Soudain, une quinte de toux réactiva les fonctions d'Airi. Turing était vivant ! Il était encore temps de le sauver ! Mais, comment procéder ? Le corps de l'androïde était en miettes. Son adversaire, lui, était en pleine possession de ses moyens. Si elle tentait de se débattre, il allait la broyer.

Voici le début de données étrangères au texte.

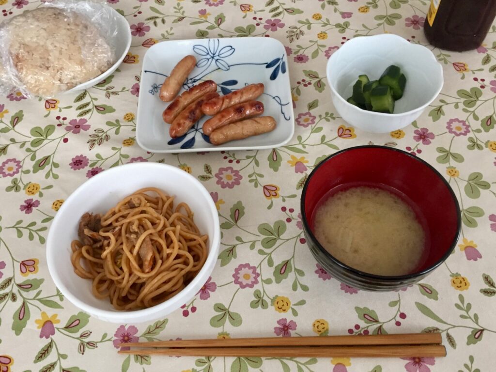 2021/04/27 昼 – 焼きそば、ソーセージ、味噌汁、ぬか漬け
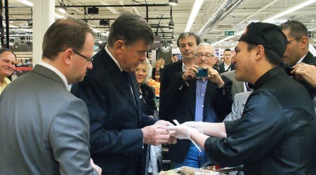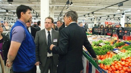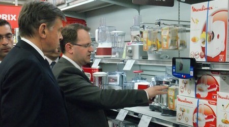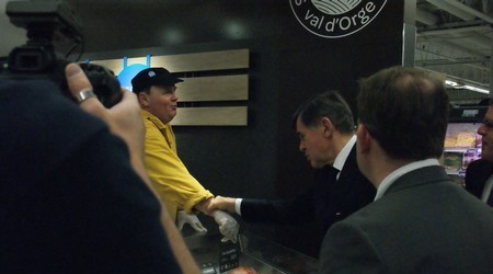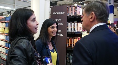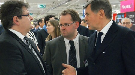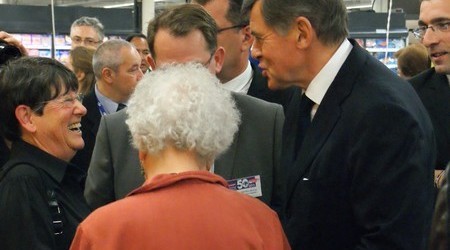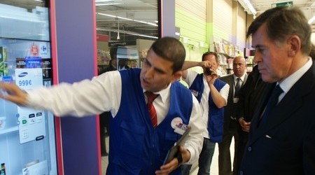 Georges Plassat – PDG – et Jérôme Bédier – secrétaire général – en arrière planJérôme Peyrou de dos – dir. du magasin – Georges Plassat et Jérôme BédierJérôme Peyrou, Georges Plassat et Gabriel Binetti visitent l’expositionVitrine de produits libres facticesEric Bourgeois – directeur des hypermarchés – et Jacques Creysel – FCDJean Richard de La Tour et Frédéric Ebling – directeurs des affaires publiquesPendant les discoursGeorges Plassat et Olivier Léonhard – maire de Ste Geneviève des BoisLe cortège vers le magasinLa musique en têteL’inauguration proprement diteLa découpe du rubanTout un symboleGabriel Binetti – 5e directeur de Ste Geneviève – avec des clientes historiquesWalid – vendeur – présente à Georges Plassat le mur digitalGeorges Plassat continue la visite accompagné du directeur du magasinThierry – vendeur EPCS – au sein du rayon électroménagerExplication devant le rayon du petit électroménagerBaya Haber – identité visuelle hyper – et Frédéric Despres – dir. rég. PropertyUne nouveauté technologiqueThierry Legault – Filière Qualité – et Eric BourgeoisDeux hôtesses de caisse dans la tenue 1976 rééditée pour l’occasionDiane Labruyère-Cuilleret – administratice – avec Jean-Pierre LabruyèreDe dos : Gérard Dorey – Directeur exécutif de Carrefour ProximitéUn animateur salué au rayon poissonPoissonGeorges Plassat à l’écoute de Pierrick – manager poissonPierryck à l’écoute de conseilsYves – manager fruits et légumesA gauche : Marie-Thérèse – présidente de l’association EscaleMichel – manager boucherieVirginie – manager charcuterie-traiteurArrêt à l’espace sushiPas trop épicé pour moi… et donnez-en à tous ceux qui me suivent !A boire comme du petit-lait !

Points de vie : 1. Activation de la capacité spéciale : Sword of the Last Stand. Durée : 10 minutes.
La voix du système interne d'Airi résonna dans sa tête. Dans son champ de vision, un compte à rebours s'afficha. Ses facultés physiques et mentales revinrent à leur maximum, et même plus. Tous les limiteurs, qui permettaient aux AIntelects de contrôler leur force pour s'adapter aux humains, avaient sauté.
La chercheuse poussa un cri de rage, et, d'un revers de la main, trancha le bras robotique de son agresseur. Un liquide noirâtre et poisseux gicla sur son visage. De l'essence. Maccafi hurla de douleur. Il recula rapidement, abasourdi et totalement pris au dépourvu par cette riposte soudaine. En face de lui, il n'avait plus une simple AIntelect de bureau. Ses capteurs oculaires avaient viré au rouge vif, de même que son squelette métallique, qui luisait d'un sinistre halo écarlate dans la pénombre, telle une aura. Debout au milieu des flammes, elle ressemblait à un démon mécanique. Airi s'était transformée en machine de guerre, prête à anéantir tout ce qui se trouvait sur son chemin.